In sum, you can’t beat something with nothing. For IP skeptics to contest this evidence, they should offer more than polemical and theoretical broadsides. They ought to stop making faux originalist arguments that misstate basic legal facts about property and IP, and instead offer their own empirical evidence. The Mercatus report, however, is content to confine its empirics to critiques of others’ methodology – including claims their targets did not make.

For example, in addition to the several strawman attacks identified in our AEI essay, the Mercatus report constructs another strawman in its discussion of studies of copyright piracy done by Stephen Siwek for the Institute for Policy Innovation (IPI). Mercatus inaccurately and unfairly implies that Siwek’s studies on the impact of piracy in film and music assumed that every copy pirated was a sale lost – this is known as “the substitution rate problem.” In fact, Siwek’s methodology tackled that exact problem.

IPI and Siwek never seem to get credit for this, but Siwek was careful to avoid the one-to-one substitution rate estimate that Mercatus and others foist on him and then critique as empirically unsound. If one actually reads his report, it is clear that Siwek assumes that bootleg physical copies resulted in a 65.7% substitution rate, while illegal downloads resulted in a 20% substitution rate.

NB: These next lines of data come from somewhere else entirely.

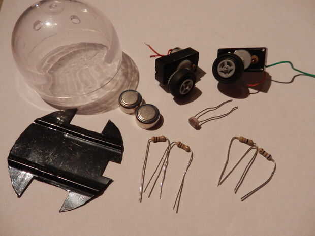 baterías (entre 6 y 12 voltios dependiendo del tamaño del robot y motor, utiliza dos pilas de botón de 3v).
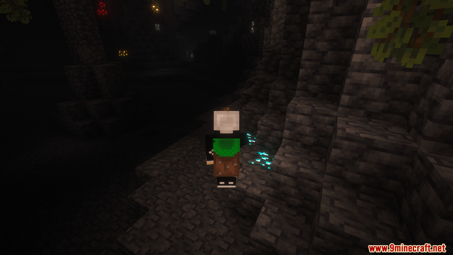 - Illuminates caves, mines, and dark areas without placing torches.
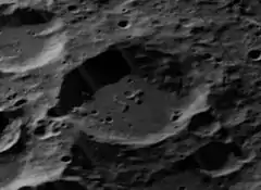 Esnault-Pelterie is a lunar impact crater on the far side of the Moon, named after French rocketry and astronautics pioneer Robert Esnault-Pelterie. It is located in the northern hemisphere, to the south of the crater Carnot. Esnault-Pelterie overlies the western side of the crater Schlesinger. To the south is the crater Von Zeipel and to the southwest is Fowler.
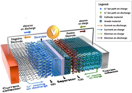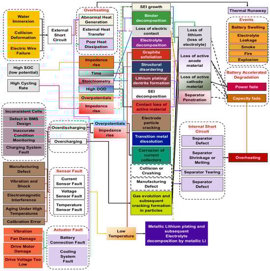 Regarding the battery systems applied to EVs, LIBs are the most used because of their advantages, including high specific energy, low self-discharge, extended lifespan, safety, and cost [14,15,16,17]. During the operation of EVs, the batteries suffer from various degradation mechanisms that depend on numerous factors (e.g., road conditions, driver behaviour, ambient temperature, and cabin temperature) [3]. These degradation mechanisms can reduce battery capacity and power, resulting in a shorter EV range, which may cause range anxiety in customers. Furthermore, accelerated battery degradation also reduces charging and discharging efficiency, increasing internal resistance and shortening the battery’s lifetime [18].
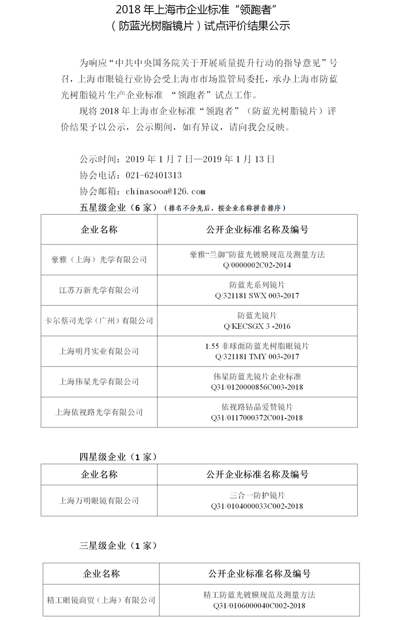 2018年上海市企业标准“领跑者”(防蓝光树脂镜片)试点评价结果公示
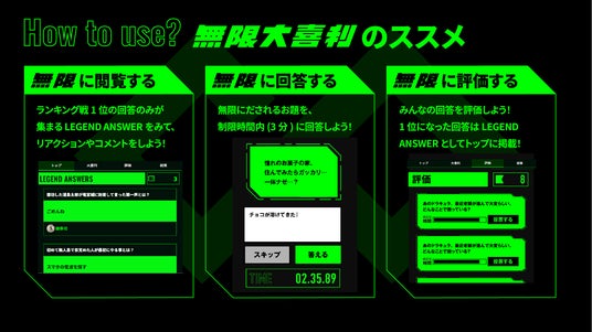 新たにオープンした「無限大喜利」は、野田クリスタル発案のもと開発された大喜利プラットフォームです。従来の大喜利サイトで課題となっていた、お題の制約や評価までの時間といった問題を解消し、ユーザー同士が大喜利を通じて双方向でコミュニケーションを取れることを目指しています。大喜利ファンからプロの芸人まで、誰もが楽しめる環境を提供します。
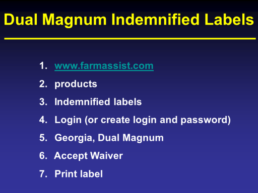 Dual Magnum Indemnified Labels <BR>  www.farmassist.com <BR>  products <BR>  Indemnified labels <BR>  Login (or create login and password) <BR>  Georgia, Dual Magnum <BR>  Accept Waiver <BR>  Print label<BR>
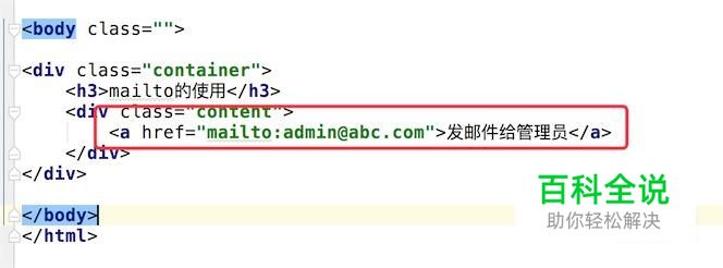 Html代码很简单,如图, 就是一个a链接,然后mailto加上管理员的邮箱。
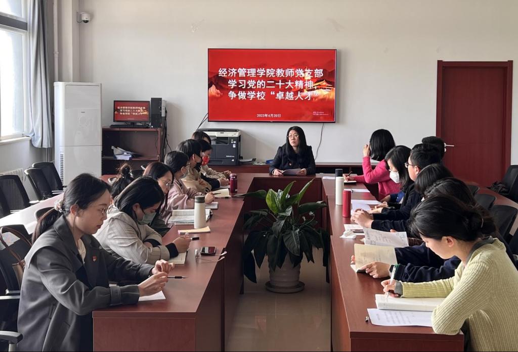 为推动党的二十大精神学习走深走实,4月20日,太阳成集团tyc9728教师党支部开展“学习二十大精神,争做公司卓越人才”主题党日活动,会议由教师党支部书记由玉坤同志主持,支部全体教师党员以及4位教师积极分子参加会议。
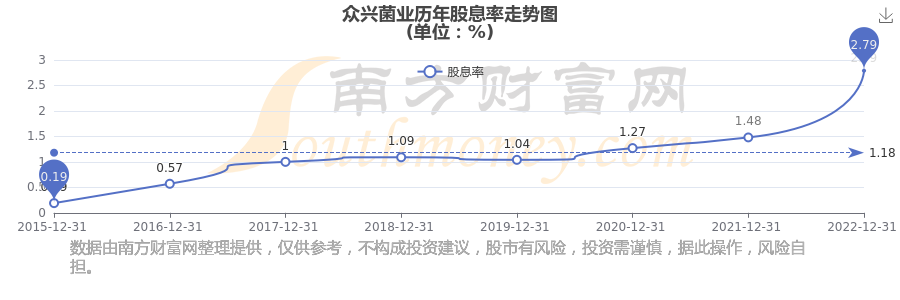 眾興菌業(yè)歷年股息率走勢如下圖:
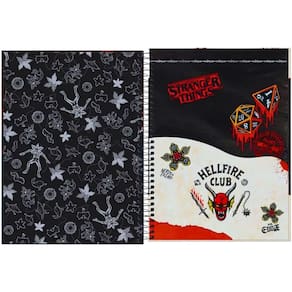 Capa dura com detalhes metalizados e parte interna decorada Bolsa de papel decorada Espiral colorido Folha de adesivos funcionais 16 matéria 256 folhas Formato: 200 mm x 275 mm Gramatura: 56 g/m² Perfeito para estudantes que desejam unir tecnologia, qualidade e um visual exclusivo inspirado no universo de Stranger Things.
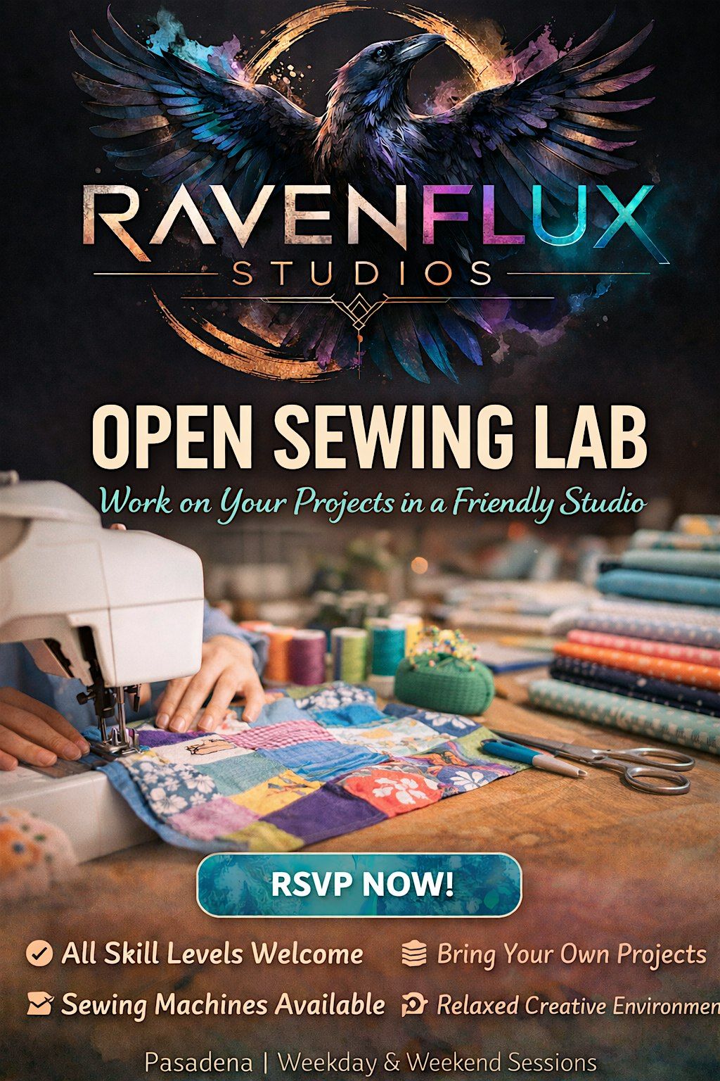 RavenFlux Studios is a small creative workshop space designed for hands-on learning and making. Open labs are intentionally kept small so everyone has room to work and ask questions.

Siwek’s methodology anticipates and renders moot the critique that Mercatus makes anyway.

After mischaracterizing these studies and their claims, the Mercatus report goes further in attacking them as supporting advocacy on behalf of IP rights. Yes, the empirical results have been used by think tanks, trade associations and others to support advocacy on behalf of IP rights. But does that advocacy make the questions asked and resulting research invalid? IP skeptics would have trumpeted results showing that IP-intensive industries had a minimal economic impact, just as Mercatus policy analysts have done with alleged empirical claims about IP in other contexts. In fact, IP skeptics at free-market institutions repeatedly invoke studies in policy advocacy that allegedly show harm from patent litigation, despite these studies suffering from far worse problems than anything alleged in their critiques of the USPTO and other studies.

Finally, we noted in our AEI essay how it was odd to hear a well-known libertarian think tank like Mercatus advocate for more government-funded programs, such as direct grants or prizes, as viable alternatives to individual property rights secured to inventors and creators. There is even more economic work being done beyond the empirical studies we cited in our AEI essay on the critical role that property rights in innovation serve in a flourishing free market, as well as work on the economic benefits of IP rights over other governmental programs like prizes.

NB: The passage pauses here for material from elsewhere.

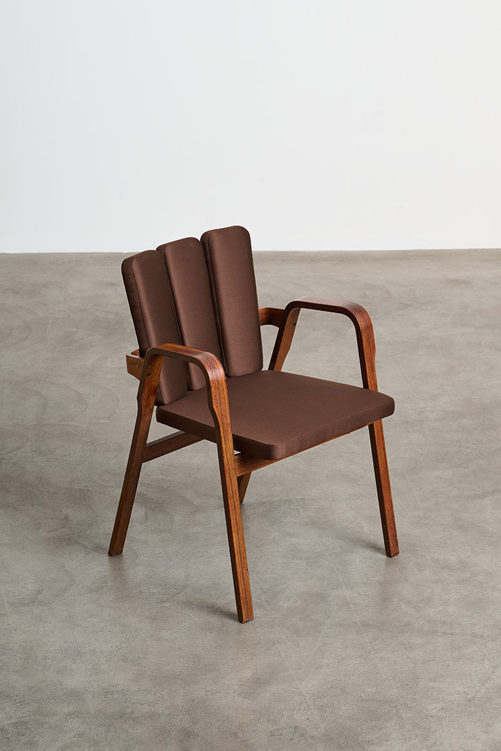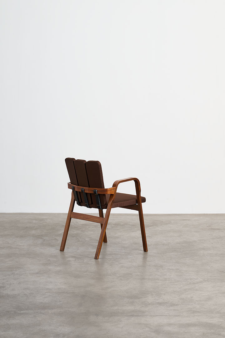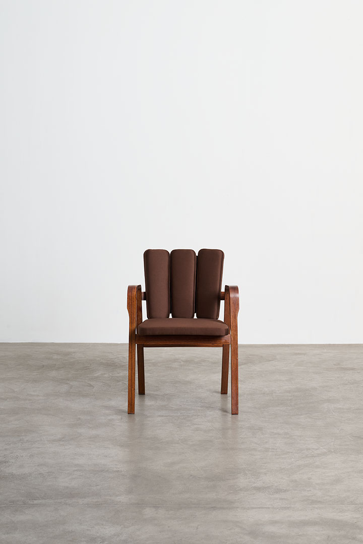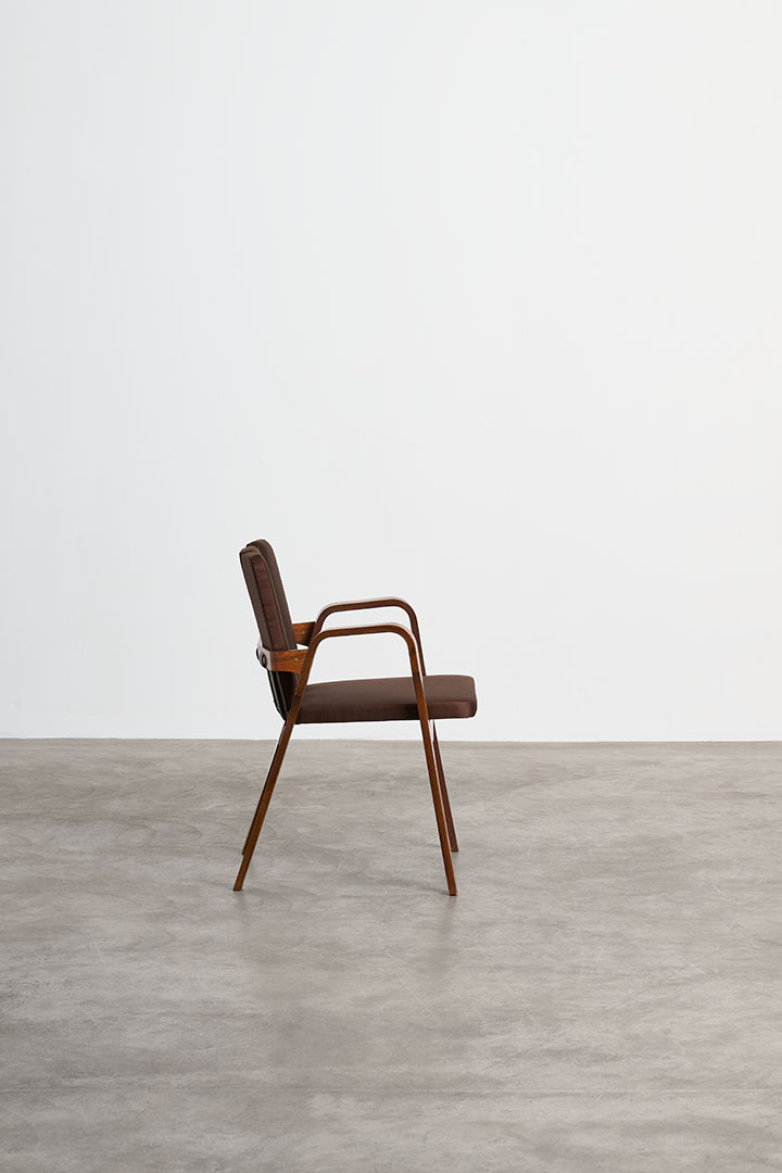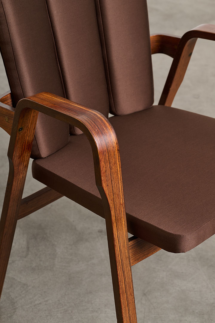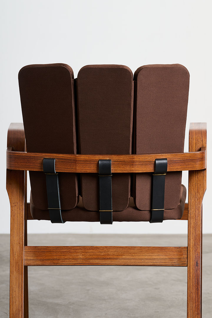 Manufactured by Poggi in Italy during the 1950s, these vintage chairs embody the refined craftsmanship and sculptural sensibility of mid-century design. The rosewood structure frames a fabric-upholstered seat, balancing warmth and elegance. Their most distinctive feature lies in the backrest: a series of vertical padded elements that, when viewed from behind, recall the delicate rhythm of flower petals. Secured to the wooden frame with visible leather straps, this refined construction detail reveals the thoughtful craftsmanship behind the design, where structure and ornament exist in perfect harmony.

Today, we are in the midst of a full-blown moral panic about the alleged evils of IP. It’s alarming that libertarians – the very people who should be defending all property rights – have jumped on this populist bandwagon. Imagine if free market advocates at the turn of the Twentieth Century had asserted that there was no evidence that property rights had contributed to the Industrial Revolution. Imagine them joining in common cause with the populist Progressives to suppress the enforcement of private rights and the enjoyment of economic liberty. It’s a bizarre image, but we are seeing its modern-day equivalent, as these libertarians join the chorus of voices arguing against property and private ordering in markets for innovation and creativity.

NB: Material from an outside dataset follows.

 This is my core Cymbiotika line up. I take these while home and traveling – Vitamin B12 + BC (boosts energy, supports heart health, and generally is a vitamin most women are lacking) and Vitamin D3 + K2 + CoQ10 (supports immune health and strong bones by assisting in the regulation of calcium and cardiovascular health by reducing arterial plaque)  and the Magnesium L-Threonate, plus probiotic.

It’s also disconcerting that Mercatus appears to abandon its exceptionally high standards for scholarly work-product when it comes to IP rights. Its economic analyses and policy briefs on such subjects as telecommunications regulation, financial and healthcare markets, and the regulatory state have rightly made Mercatus a respected free-market institution. It’s unfortunate that it has lent this justly earned prestige and legitimacy to stale and derivative arguments against property and private ordering in the innovation and creative industries. It’s time to embrace the sound evidence and back off the rhetoric.